Pictures must not appear in the copy. Restate exactly the lines below from the one with "Buitenavonturen: op zijn" through the one with "デザートまでついたペット専用", inclusive.

= MATERIALS PROVIDED =
>>>
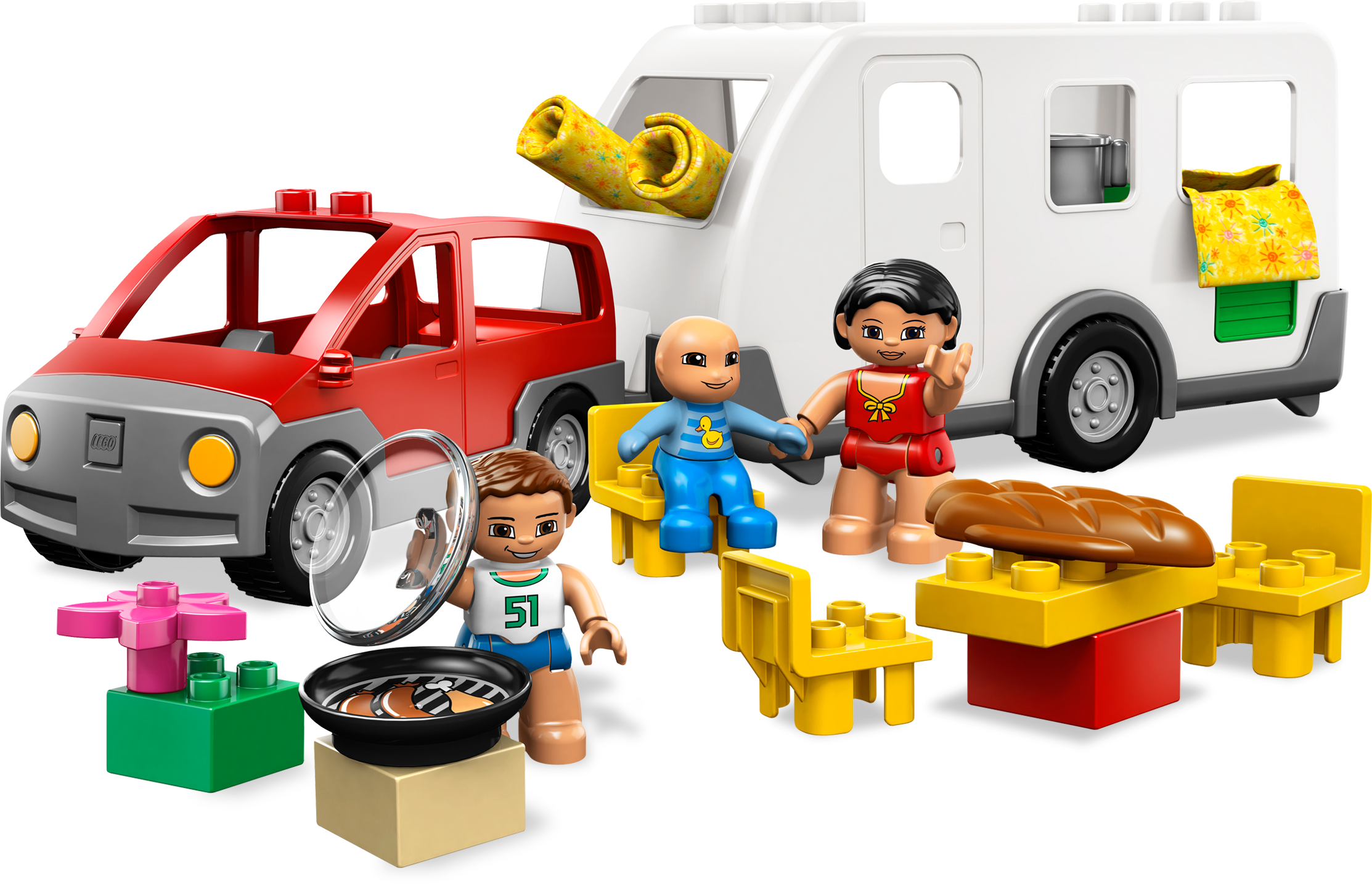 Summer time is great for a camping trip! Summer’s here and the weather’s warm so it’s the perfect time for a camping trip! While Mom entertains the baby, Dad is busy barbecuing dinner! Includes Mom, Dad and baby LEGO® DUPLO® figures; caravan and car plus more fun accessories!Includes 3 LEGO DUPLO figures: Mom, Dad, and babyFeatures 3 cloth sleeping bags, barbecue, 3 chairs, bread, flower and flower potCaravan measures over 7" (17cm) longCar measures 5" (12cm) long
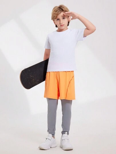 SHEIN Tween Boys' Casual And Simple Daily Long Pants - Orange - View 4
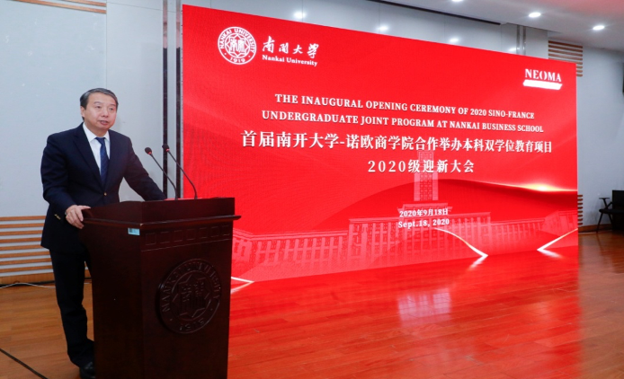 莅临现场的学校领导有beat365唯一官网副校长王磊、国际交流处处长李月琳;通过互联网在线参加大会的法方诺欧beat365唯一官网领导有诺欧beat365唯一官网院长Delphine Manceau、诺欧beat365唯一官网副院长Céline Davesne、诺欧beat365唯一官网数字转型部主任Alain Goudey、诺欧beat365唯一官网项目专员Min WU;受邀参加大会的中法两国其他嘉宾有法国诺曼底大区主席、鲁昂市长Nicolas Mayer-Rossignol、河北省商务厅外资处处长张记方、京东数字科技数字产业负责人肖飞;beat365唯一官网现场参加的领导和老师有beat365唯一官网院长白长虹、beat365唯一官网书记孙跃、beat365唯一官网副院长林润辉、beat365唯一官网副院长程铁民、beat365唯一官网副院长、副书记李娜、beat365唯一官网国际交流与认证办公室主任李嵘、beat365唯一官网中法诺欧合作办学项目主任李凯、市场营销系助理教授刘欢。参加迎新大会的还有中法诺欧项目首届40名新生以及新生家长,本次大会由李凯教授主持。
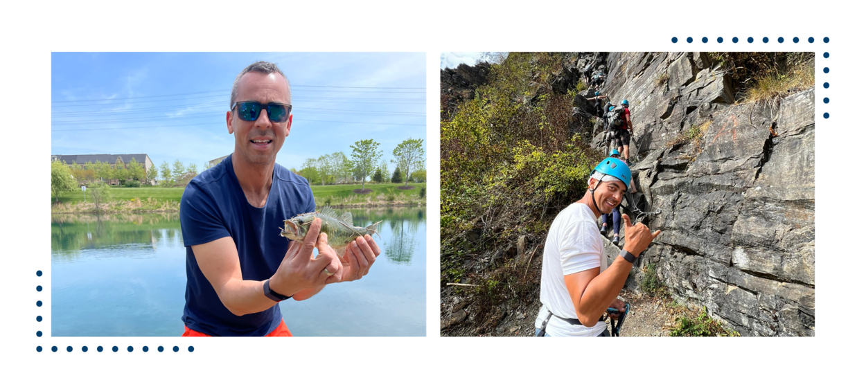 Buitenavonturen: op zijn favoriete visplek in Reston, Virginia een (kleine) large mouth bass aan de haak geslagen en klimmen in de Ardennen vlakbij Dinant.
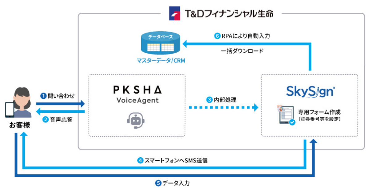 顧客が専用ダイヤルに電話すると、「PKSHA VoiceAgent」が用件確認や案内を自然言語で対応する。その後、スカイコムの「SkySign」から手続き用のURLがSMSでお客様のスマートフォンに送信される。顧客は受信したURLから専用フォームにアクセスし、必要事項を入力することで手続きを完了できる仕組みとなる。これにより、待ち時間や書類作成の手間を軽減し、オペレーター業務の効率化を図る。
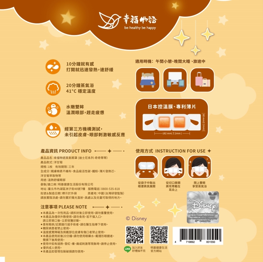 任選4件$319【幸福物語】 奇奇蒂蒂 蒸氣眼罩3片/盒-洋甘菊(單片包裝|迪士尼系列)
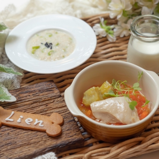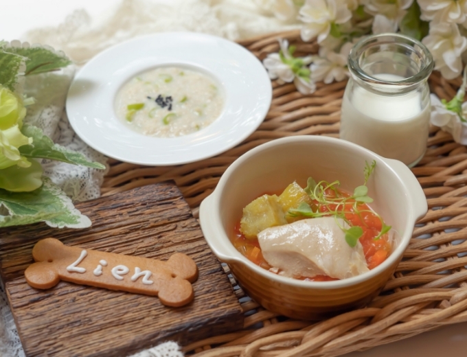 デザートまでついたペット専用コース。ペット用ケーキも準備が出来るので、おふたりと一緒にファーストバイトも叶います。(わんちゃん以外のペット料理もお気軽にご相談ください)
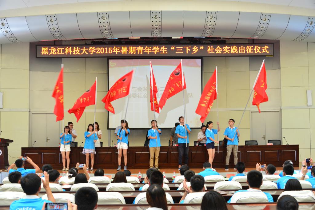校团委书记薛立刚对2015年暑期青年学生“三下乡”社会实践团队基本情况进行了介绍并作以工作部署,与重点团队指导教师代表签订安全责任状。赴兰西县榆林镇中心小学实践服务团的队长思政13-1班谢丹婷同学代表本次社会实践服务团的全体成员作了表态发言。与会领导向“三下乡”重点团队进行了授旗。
<<<
>>>
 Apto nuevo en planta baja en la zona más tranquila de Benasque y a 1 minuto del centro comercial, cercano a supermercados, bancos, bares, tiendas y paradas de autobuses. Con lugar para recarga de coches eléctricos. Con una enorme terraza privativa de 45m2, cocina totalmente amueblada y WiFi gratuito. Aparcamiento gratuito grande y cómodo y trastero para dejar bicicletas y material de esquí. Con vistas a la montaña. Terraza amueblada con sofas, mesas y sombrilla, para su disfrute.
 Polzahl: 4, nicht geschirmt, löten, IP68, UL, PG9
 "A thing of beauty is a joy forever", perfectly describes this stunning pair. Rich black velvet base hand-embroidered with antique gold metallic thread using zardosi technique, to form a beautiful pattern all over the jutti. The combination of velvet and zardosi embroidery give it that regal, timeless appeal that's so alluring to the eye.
<<<
= SOLUTION TO THE EXERCISE =
 Buitenavonturen: op zijn favoriete visplek in Reston, Virginia een (kleine) large mouth bass aan de haak geslagen en klimmen in de Ardennen vlakbij Dinant.
 顧客が専用ダイヤルに電話すると、「PKSHA VoiceAgent」が用件確認や案内を自然言語で対応する。その後、スカイコムの「SkySign」から手続き用のURLがSMSでお客様のスマートフォンに送信される。顧客は受信したURLから専用フォームにアクセスし、必要事項を入力することで手続きを完了できる仕組みとなる。これにより、待ち時間や書類作成の手間を軽減し、オペレーター業務の効率化を図る。
 任選4件$319【幸福物語】 奇奇蒂蒂 蒸氣眼罩3片/盒-洋甘菊(單片包裝|迪士尼系列)
 デザートまでついたペット専用コース。ペット用ケーキも準備が出来るので、おふたりと一緒にファーストバイトも叶います。(わんちゃん以外のペット料理もお気軽にご相談ください)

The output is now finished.